Instructions for the task
A single stretch of the material below is to be transcribed exactly, starting at the line with "Informations sur la" and ending after the line with "Each suspending a".

Exercise material
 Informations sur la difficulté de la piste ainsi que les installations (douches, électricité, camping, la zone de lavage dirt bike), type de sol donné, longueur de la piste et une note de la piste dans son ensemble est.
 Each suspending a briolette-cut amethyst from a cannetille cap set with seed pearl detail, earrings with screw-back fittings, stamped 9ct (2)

---

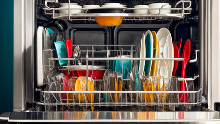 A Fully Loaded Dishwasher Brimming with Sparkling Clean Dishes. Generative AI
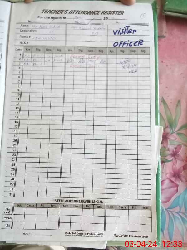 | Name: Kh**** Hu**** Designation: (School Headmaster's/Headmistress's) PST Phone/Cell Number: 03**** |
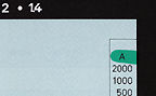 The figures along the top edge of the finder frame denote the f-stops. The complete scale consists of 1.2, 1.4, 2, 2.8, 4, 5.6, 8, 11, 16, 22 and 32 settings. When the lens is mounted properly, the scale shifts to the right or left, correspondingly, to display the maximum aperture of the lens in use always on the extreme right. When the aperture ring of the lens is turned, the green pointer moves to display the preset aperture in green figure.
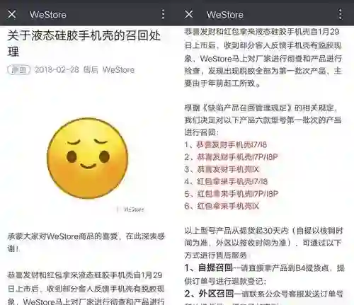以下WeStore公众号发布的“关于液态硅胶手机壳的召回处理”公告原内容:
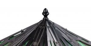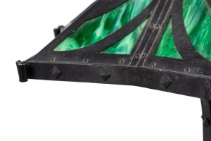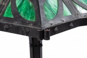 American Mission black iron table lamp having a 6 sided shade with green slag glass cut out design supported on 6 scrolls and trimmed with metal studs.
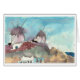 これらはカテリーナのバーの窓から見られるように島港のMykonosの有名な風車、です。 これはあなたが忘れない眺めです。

==

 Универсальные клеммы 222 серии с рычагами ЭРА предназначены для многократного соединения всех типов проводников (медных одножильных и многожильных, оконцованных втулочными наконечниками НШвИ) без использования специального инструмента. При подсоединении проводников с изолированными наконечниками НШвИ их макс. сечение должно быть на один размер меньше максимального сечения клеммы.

Solution to this task
 Informations sur la difficulté de la piste ainsi que les installations (douches, électricité, camping, la zone de lavage dirt bike), type de sol donné, longueur de la piste et une note de la piste dans son ensemble est.
 Each suspending a briolette-cut amethyst from a cannetille cap set with seed pearl detail, earrings with screw-back fittings, stamped 9ct (2)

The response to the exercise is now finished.